Metamorphosis or Glassworks /Philip Glass
Only Questions / Max Richter

composers like Yiruma or Part.


----------



## abrygida (5 mo ago)

Accordion version


----------



## EdwardBast (Nov 25, 2013)

eljr said:


> No, it is not. IMHO
> Neoclassical is things like
> Una mattina or Fly / Ludovico Einaudi
> Metamorphosis or Glassworks /Philip Glass
> ...


The standard use of the term neoclassicism is in reference to music by Stravinsky, Hindemith, Poulenc, Ravel, etc. beginning around 1920.


----------



## NoCoPilot (Nov 9, 2020)

Just like the discussion(s) of film music, the use of an orchestra does not automatically make it "classical."

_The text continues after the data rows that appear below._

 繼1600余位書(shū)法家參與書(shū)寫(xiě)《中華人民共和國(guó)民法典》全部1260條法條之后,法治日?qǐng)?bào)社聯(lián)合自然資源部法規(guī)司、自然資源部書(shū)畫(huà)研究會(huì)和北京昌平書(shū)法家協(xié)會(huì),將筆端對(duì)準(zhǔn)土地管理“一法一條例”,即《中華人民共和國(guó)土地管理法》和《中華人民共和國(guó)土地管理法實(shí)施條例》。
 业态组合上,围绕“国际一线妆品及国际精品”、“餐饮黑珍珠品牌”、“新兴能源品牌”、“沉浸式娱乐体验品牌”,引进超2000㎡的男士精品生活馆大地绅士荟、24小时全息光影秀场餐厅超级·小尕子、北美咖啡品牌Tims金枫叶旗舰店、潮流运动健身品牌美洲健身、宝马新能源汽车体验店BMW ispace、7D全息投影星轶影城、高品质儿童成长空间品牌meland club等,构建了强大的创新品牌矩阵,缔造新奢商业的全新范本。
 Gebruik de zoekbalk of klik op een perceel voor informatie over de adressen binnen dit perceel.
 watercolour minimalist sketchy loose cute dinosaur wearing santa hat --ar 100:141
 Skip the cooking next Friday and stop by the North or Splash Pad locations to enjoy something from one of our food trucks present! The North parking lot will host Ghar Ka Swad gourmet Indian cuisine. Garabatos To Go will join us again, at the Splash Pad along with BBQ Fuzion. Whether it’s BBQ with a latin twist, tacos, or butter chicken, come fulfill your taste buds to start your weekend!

Jenkins is "car commercial music" through and through.


----------



## eljr (Aug 8, 2015)

EdwardBast said:


> The standard use of the term neoclassicism is in reference to music by Stravinsky, Hindemith, Poulenc, Ravel, etc. beginning around 1920.


Take a look.


https://music.amazon.in/albums/B0B45WPM4X



How would you categorize the music I referenced?


----------



## EdwardBast (Nov 25, 2013)

eljr said:


> Take a look.
> 
> 
> https://music.amazon.in/albums/B0B45WPM4X
> ...


Minimalism, post-minimalism, process minimalism — certainly nothing to do with neoclassicism ( I didn't—won't —listen to Einaudi) Applied to those composers, "neoclassicism" can only be an ineptly conceived Amazon marketing category.


----------



## HansZimmer (11 mo ago)

To all the users commenting only about the first movement: it's a concerto grosso of three movements and you wrote nothing about the second and about the third movements.
It seems that the haters only want to puntualize that the main theme of the first movement was originally used for a commercial... so what? To write that a theme is bad because it was written for a commercial is not a musical argument at all. It's a snob argument. 

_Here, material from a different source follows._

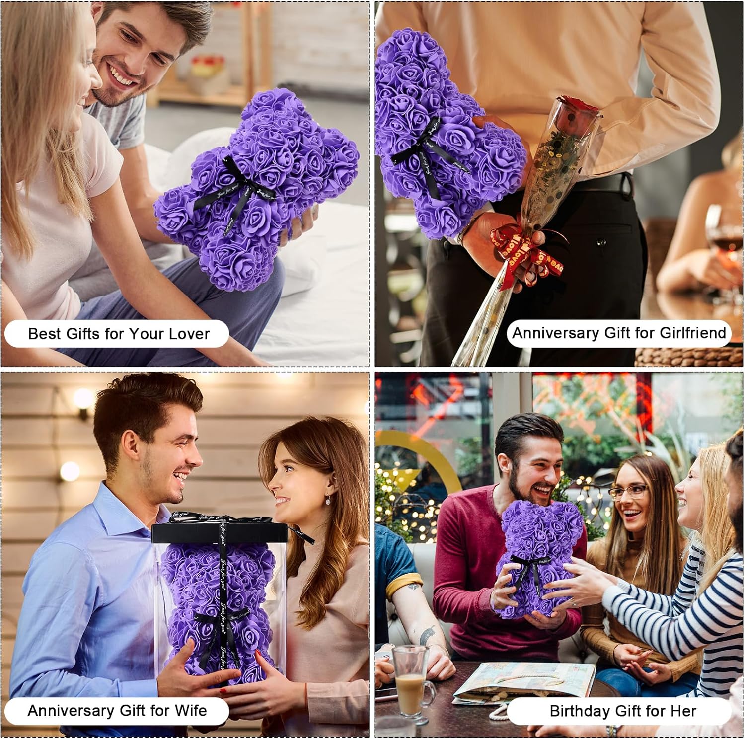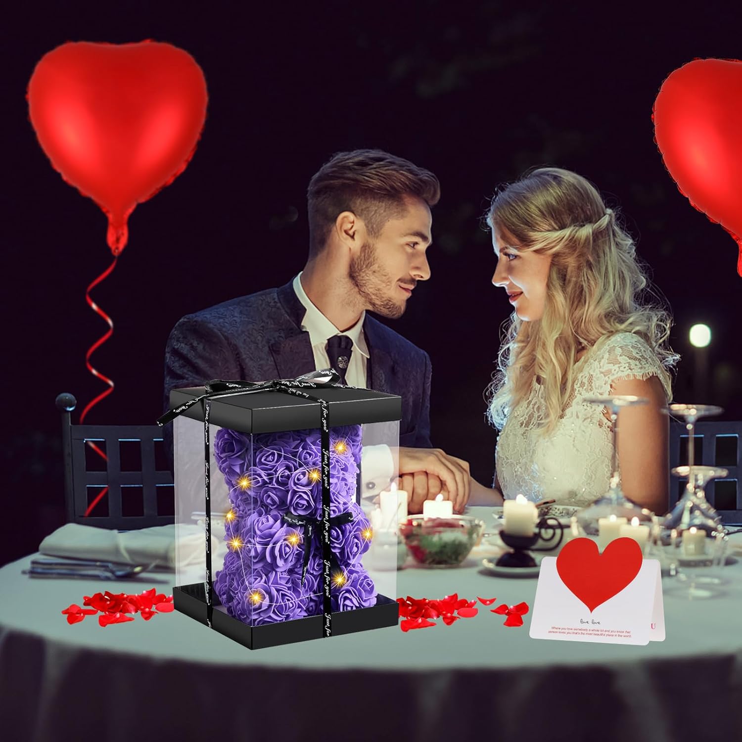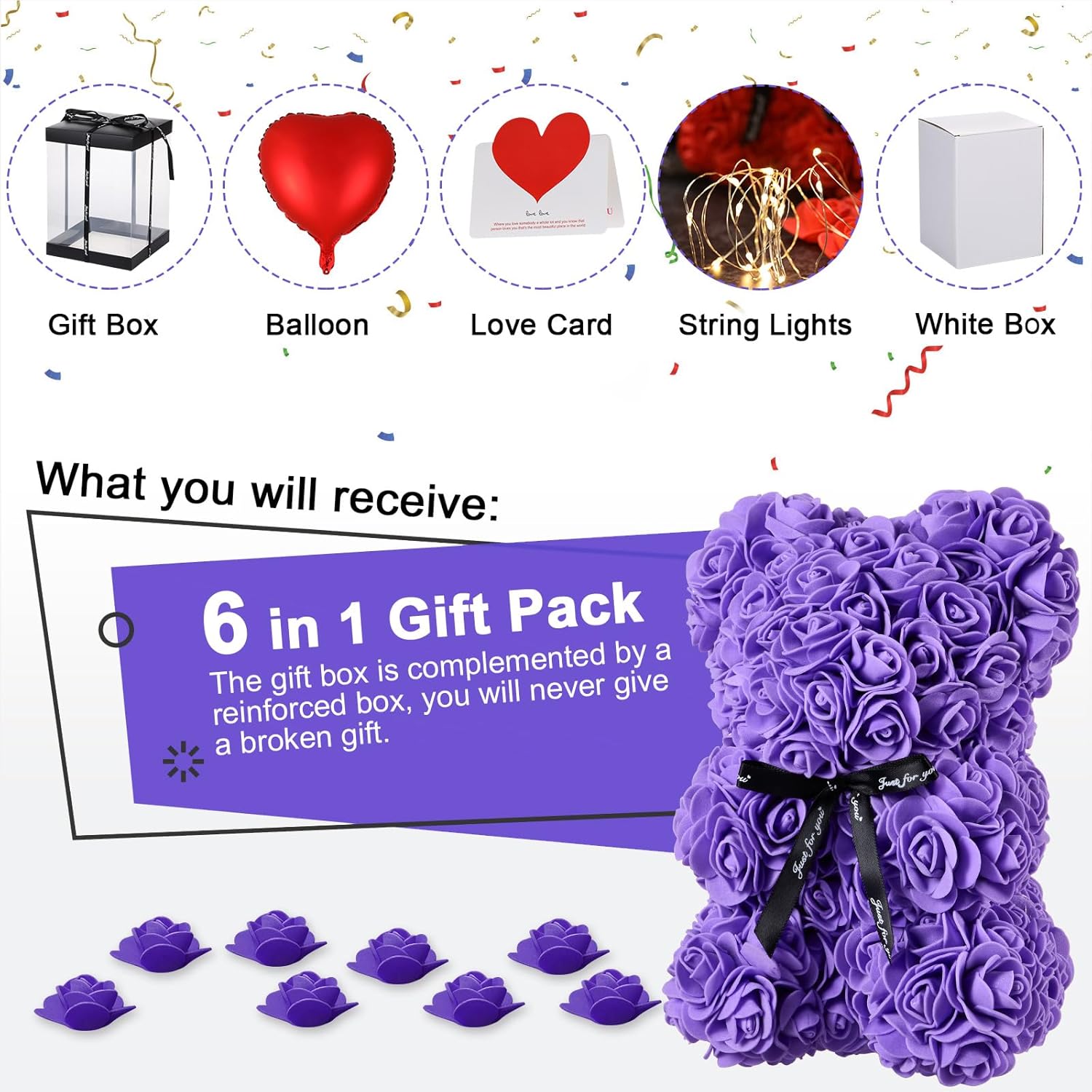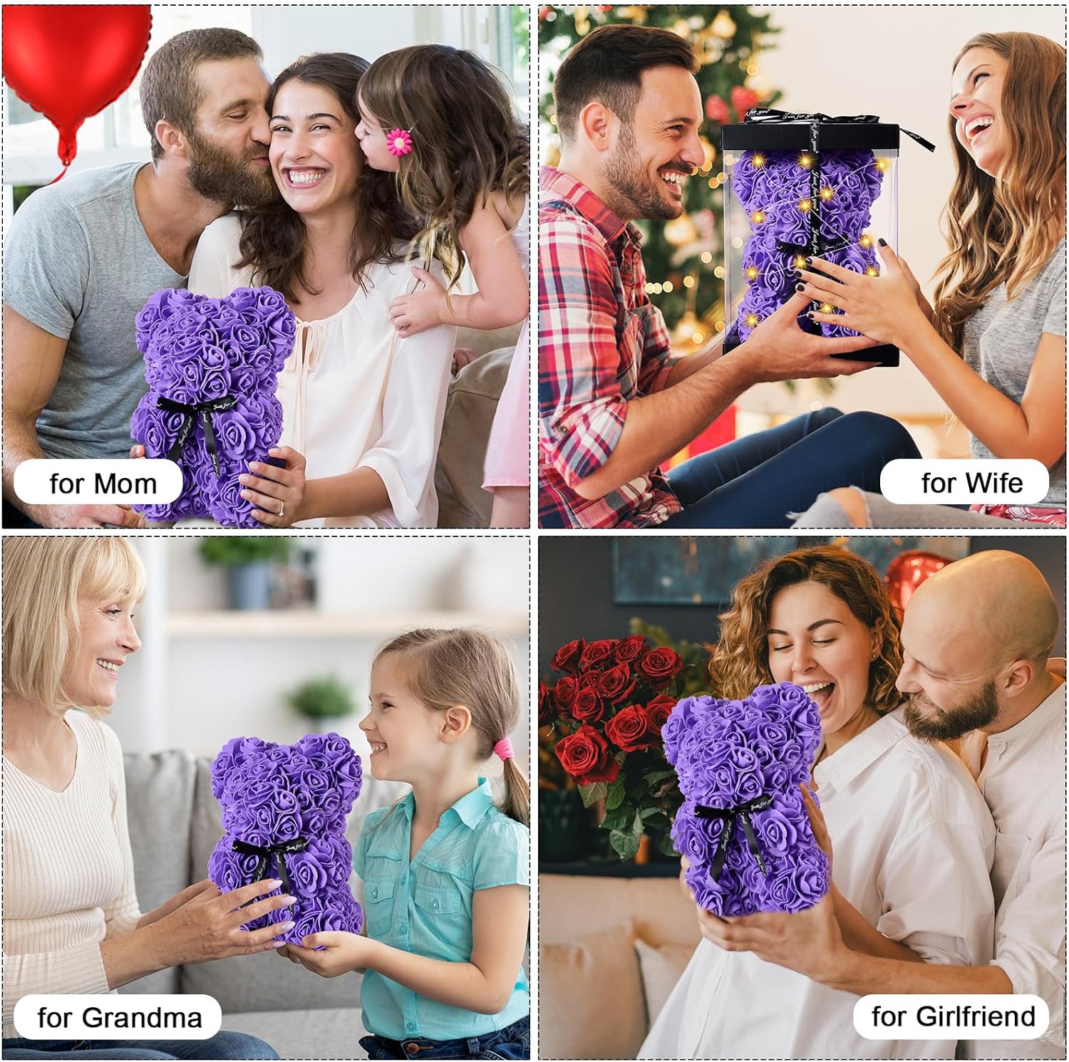 Rose bear - gifts for her - rose flower bear roses teddy bear with lights - over 250 flowers on each rose bear - gift for Mother's Day, Valentine's Day, anniversary with gift box and love card? Valentine's Day gift for women – do you find it difficult to choose Valentine's Day gift for her? Come and see it! Now here is the perfect 4-in-1 gift set for you, the 1 x rose bear + 1 x gift box + 1 x loving card + 1 x shiny decoration. We believe that this rose bear gift set will meet all your expectations. ? Handmade – As a new representative in the world of teddy bears, the flower teddy bear is different from other teddy bears, made from artificial flowers modelled on rose petals. As the rose bear is handmade, one or two flowers may come off the glue and fall off after a long transport time. If it happens, you can take some glue and stick it. ? Ready gift packaging – Each bear comes in a clear gift box as shown in the main picture. It can display its graceful symbol in a transparent gift box, and girls love bears made of roses. Besides, writing with a love card can express your sincerity. And we add a white sturdy packaging box outside the transparent gift box, you will not receive damaged rose bears and the gift. ? Dimensions: rose flower bear is 25 cm. Faux Silk Rose Flower Bear - As rose petals "b" forever, you can put them on the shelf or table and it will always be that sweet reminder of love. Also add a red balloon and LED light as gift decoration, we believe that all together will meet your expectations.

I suppose that the users who voted "horrible" are the same that use the pejorative term "car commercial music". I understand that it might be not the best theme of classical music, but horrible?? If you think that the theme is horrible then you have never listened to a horrible theme! It looks more like a form of personal hate towards the author, than a honest review about the music. 

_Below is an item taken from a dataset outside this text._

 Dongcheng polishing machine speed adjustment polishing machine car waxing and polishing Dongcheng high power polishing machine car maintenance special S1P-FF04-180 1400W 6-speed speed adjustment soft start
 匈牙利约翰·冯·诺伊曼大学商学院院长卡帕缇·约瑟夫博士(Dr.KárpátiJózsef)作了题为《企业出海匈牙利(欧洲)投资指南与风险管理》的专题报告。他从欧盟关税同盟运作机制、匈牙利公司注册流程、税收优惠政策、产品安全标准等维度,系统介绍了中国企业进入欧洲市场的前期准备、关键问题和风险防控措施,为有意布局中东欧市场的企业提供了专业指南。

I don't know why you speak about cars: the theme was used in spots for the company DeBeers, so we are speaking of commercials about diamonds. Is the company so stupid to associate his product with a horrible theme? 
It must be said that the spots of DeBeers are quite artistic, so "music for a DeBeers spot" is not pejorative. Infact, an artistic spot needs good music that fit with the rest of the work.






I've seen TV spots with Vivaldi's music. It's not that the music of Vivaldi loses quality if used in commercials. More likely, the TV spots are elevated by Vivaldi's music.


----------



## HansZimmer (11 mo ago)

NoCoPilot said:


> Just like the discussion(s) of film music, the use of an orchestra does not automatically make it "classical."
> 
> Jenkins is "car commercial music" through and through.


Diamonds commercial music.

I've never wrote that a piece of music is classical only because is orchestral. This is a strawman. A piece, very simply, is classical when it sounds classical and there is more than instrumentation in the classical aesthetic.
Instead, your way to categorize is obscure, because it seems like you consider the music you like as classical music and that you want to exclude from the category the pieces with a classical style that you don't like

That said, not only I think that Palladio is classical music: I think that it's also Classical music, i.e. music which sounds like typical orchestral works of the classical period.
More specifically, it brings to my mind this overture of Mozart.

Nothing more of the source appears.